Not everybody wants to hear music played outside every day or have speaker wars with their neighbors or steal back their own music and tools or slice up Hubig’s Pies for dessert in a restaurant or shovel shit and pay the water bill in a bar they don’t even own. For some people, that’s too much work. But to make it understandable to them, you have to show them the glory. To hustle, to scheme, to fight to get back to a place that makes you work that hard to just fucking live, there has to be something pretty goddamn extraordinary at the other end of the equation waiting for you. And that’s the music you heard as you first fell in love, that’s the food you ate when your mom cooked for you when you were sick, that’s the sun breaking over the skyline you saw when you first felt invincible.

A.

4 Comments
  1. April 19, 2010 7:32 pm

    My rabbi recently tucked a small anecdote into a sermon of hers about a friend from her former city of residence who came down and fell in love with New Orleans…until said friend saw one of our grocery stores here and turned up her nose.
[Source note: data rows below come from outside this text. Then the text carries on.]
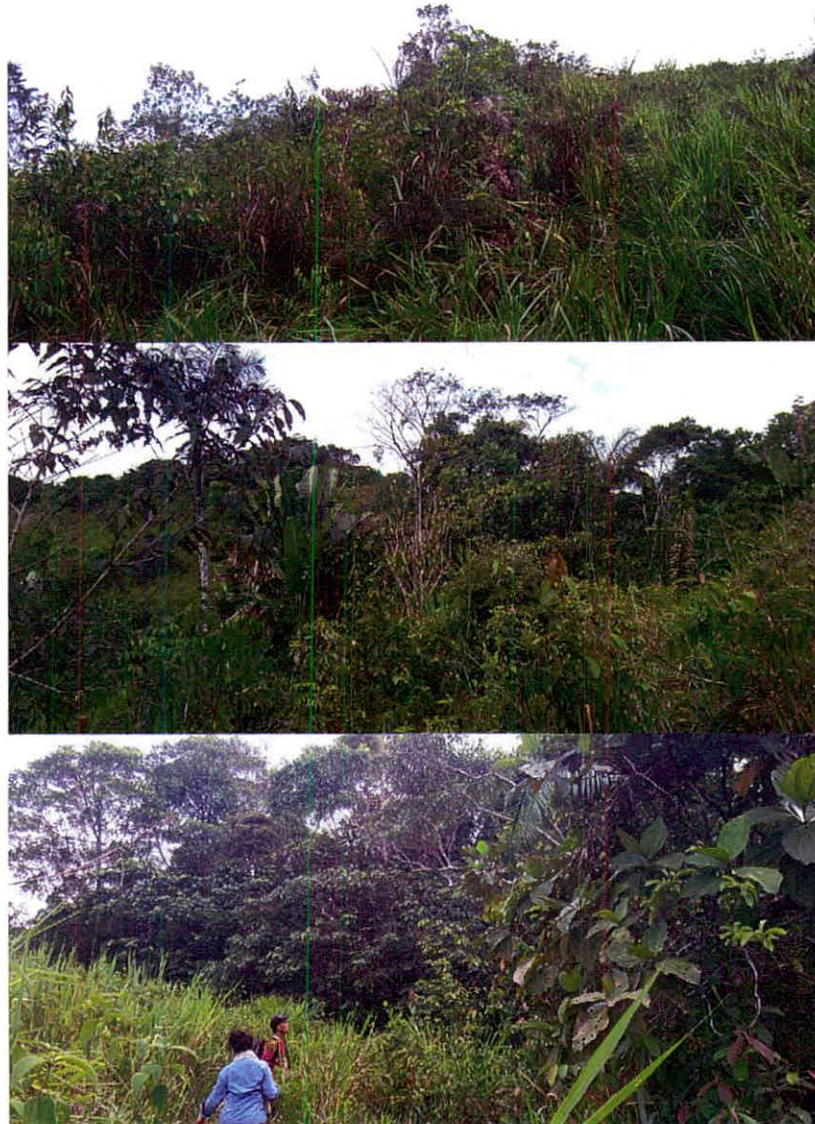
Figura 9. Vistas de la Zona de Amortiguación y Manejo Especial de la RNSC “LA ILUSIÓN”.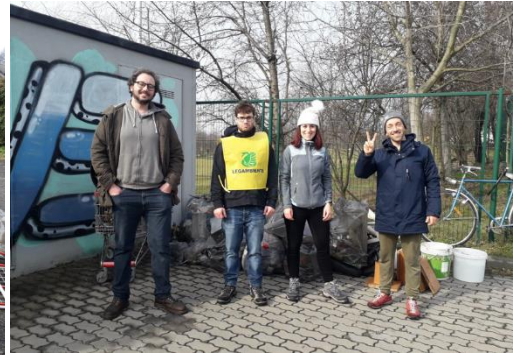
Figura 3 – i nostri volontari alla Boscherona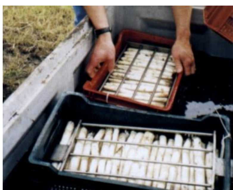
schłodzenie w wodzie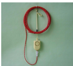
〔工事用火災警報器〕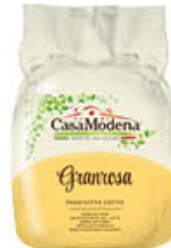
CASA MODENA PROSCIUTTO COTTO GRANROSA AL KG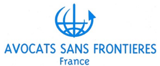
France – Avocats sans Frontières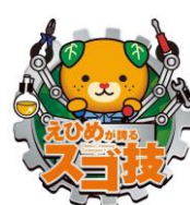
愛媛ものづくり企業「ソゴ技」認定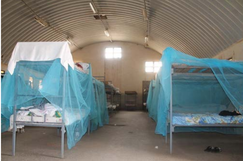
Sovesal i Sawa. Bildet er tatt sommeren 2014.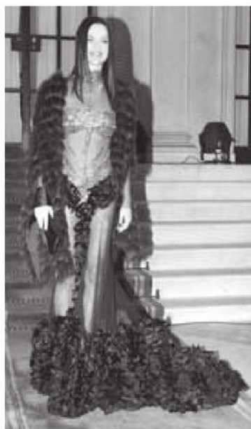
Severina pokazala savršenu figuru

Dogadaj "Ličnost godine", koji drugu godinu zaredom organizuje magazin "Hello", sinoć je održan u Belom dvoru. Statuete su dobili najuspešniji iz oblasti sporta, muzike, pozorišta, filma, mode i televizije.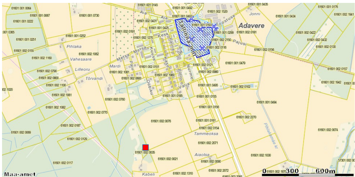
1. Punase ruuduga on märgitud kalmistu asukoht. 2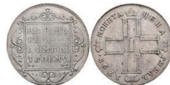
495 Rubel, 1798, Paul I., St. Petersburg, Bitkin 32, ss. 150,—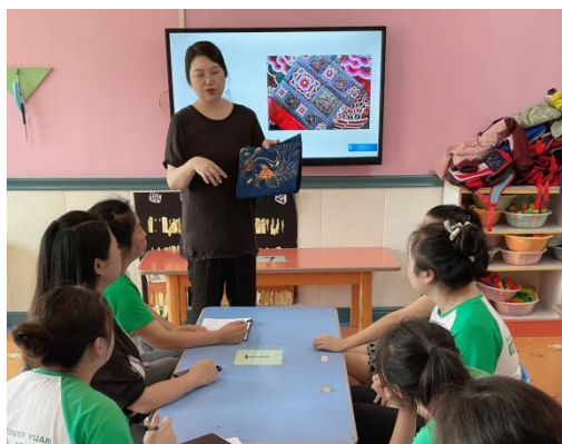
图 4-8 将非遗技艺带入乡村幼儿园

叮当幼儿园），开展非遗苗绣指导与教学，与幼儿园教师共同研讨设计非遗主题的幼儿园美术活动。与清镇市民宗局合作，为清镇市王庄乡小坡村开展特色手工艺（刺绣）就业培训，为当地 30 余村民进行苗绣技法教学及产品设计思维教学培训。帮助村民提升苗绣技艺，同时具备一定的产品设计与营销思维，帮助就业。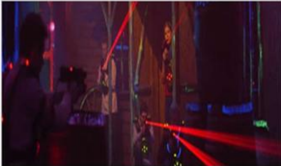
Abbildung 4.3: Der Ausrüstungsraum [las 2009]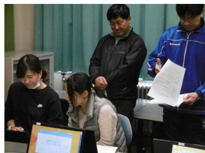
複数の先生で英会話練習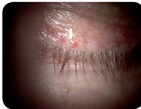
Ryc. 2. Poszerzona sieć naczyń skóry w sąsiedztwie brzegu powieki (strzałka)

Pacjenci z nużycą uskarżają się na świąd i pieczenie powiek, zaczerwienienie oczu, uczucie ciała obcego i łzawienie. Niekiedy symptomom tym towarzyszy światłowstręt i obniżenie ostrości wzroku. Objawy subiektywne nasilają się w nocy i nad ranem – w czasie największej aktywności roztoczy. Dysfunkcja gruczołów łojowych wynikająca z zasiedlenia gruczołów Meiboma przez nużeńce oraz odżywianie się przez roztocze ich wydzieliną, obniża jakość filmu łzowego i nasila jego parowanie z powierzchni oka. W efekcie prowadzi to do rozwoju zespołu suchego

The aisles weren’t wide enough, there weren’t enough varieties of food or quality produce, too much of the local flavor for her taste, blah blah blah.

    I know my parents and my in-laws would never live here; even when they were very young, it just wouldn’t have been an option for them. I also know that, when we were living in central Queens in an apartment a fraction of the size of our place here, my grandmother turned up her nose because it wasn’t what she had ever been taught to aspire to. Why weren’t her grandchildren in a three-bedroom split-level out on LonGuyland, like she was? What the hell was WRONG with us? How could we possibly be content with our tight lot? How could we have moved out of the high-rise on Queens Boulevard with its wall-to-wall carpets and its nice clean kitchen with all the latest appliances? Who in hell does that?

    So folks like you and me, A, may subscribe more to a Raskolnikov-style “love without some suffering ain’t true love” kind of thing for the places in which we live. As far as the majority of the population in this country is concerned, we’re crazy ’cause we’re not living easy by THEIR standards. But oh, what they don’t know…

  2. Danielle permalink
    April 19, 2010 7:39 pm

    So, so true.

  3. April 19, 2010 7:45 pm

    One of these days you and I will run off together and D and Mr. A will have to cry into their Great Dane beers or something.

    “something pretty goddamn extraordinary at the other end of the equation waiting for you”

    For me, it’s simply that New Orleans exists and is home to so many. HOME. I am envious of people who can live where they feel at home.

  4. Virgotex permalink
    April 19, 2010 8:06 pm

    I am lucky to have lived in “a city that lives in the imagination of the world” – NY, as well as a place as unique as Austin. Both those places taught me about loving people, as in humanity. But my feet feel most at home here in the limestone hills. And yeah, I know beter than to try and explain it to some people. Bit like I said, I’m lucky to have lived in places I was in love with. There’s nothing else like that.